We argue that ecoacoustic researchers and practitioners need to stop treating recognisers like a black box and actively develop, improve and test processes that help evaluation. From the literature, it is currently unclear how reliable recognisers are. Many studies report poor performance but this may be more a function of inappropriate construction, rather than recognition methods per se. Especially recogniser testing is often ignored and recogniser performance is reported by number of detections in a larger dataset. Even when performance is reported, it is often unclear what the source of low recogniser accuracy is.

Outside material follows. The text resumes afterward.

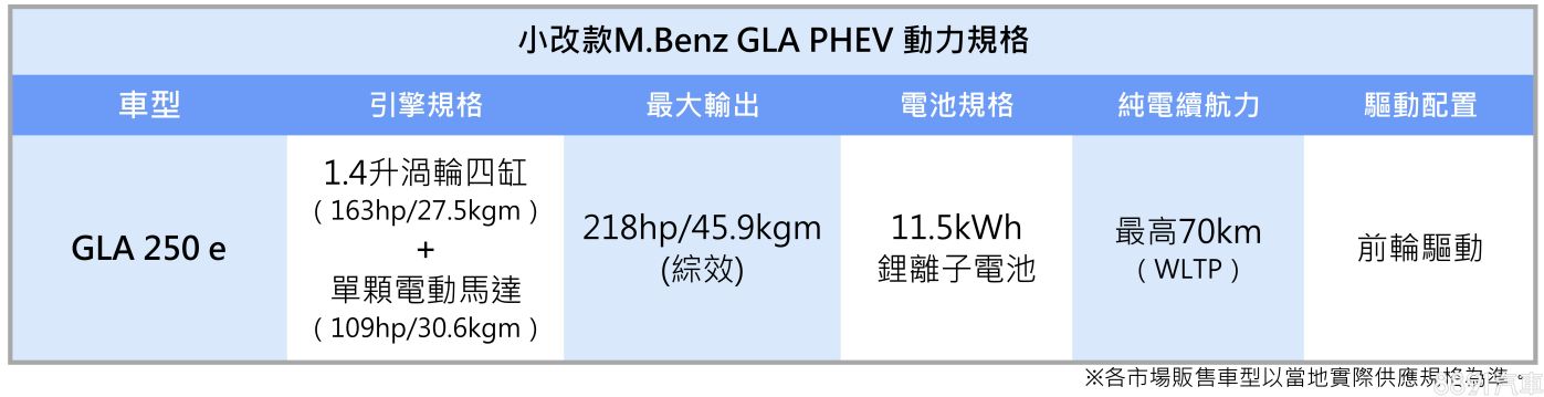 此外,GLA另有提供250e的PHEV車型,是以1.4升四缸渦輪引擎搭配電動馬達、11.5kWh電池組成,綜效輸出218hp/45.9kgm,擁有最高70km的純電續航力。

We demonstrated that this could have multiple causes, from badly selected templates to a lack of template calibration, for example amplification or detection cut-offs. We recommend that recognisers are not treated as a static product. They can be refined and adapted as more monitoring data become available. Using this study as an example, we are currently working on a refinement for the recogniser forL. tasmaniensis that is based on better template recordings. A complete recommended workflow could start with a recogniser built for a particular species in a particular region, then enhanced by data from other environments, followed by a performance evaluation and refinement as necessary.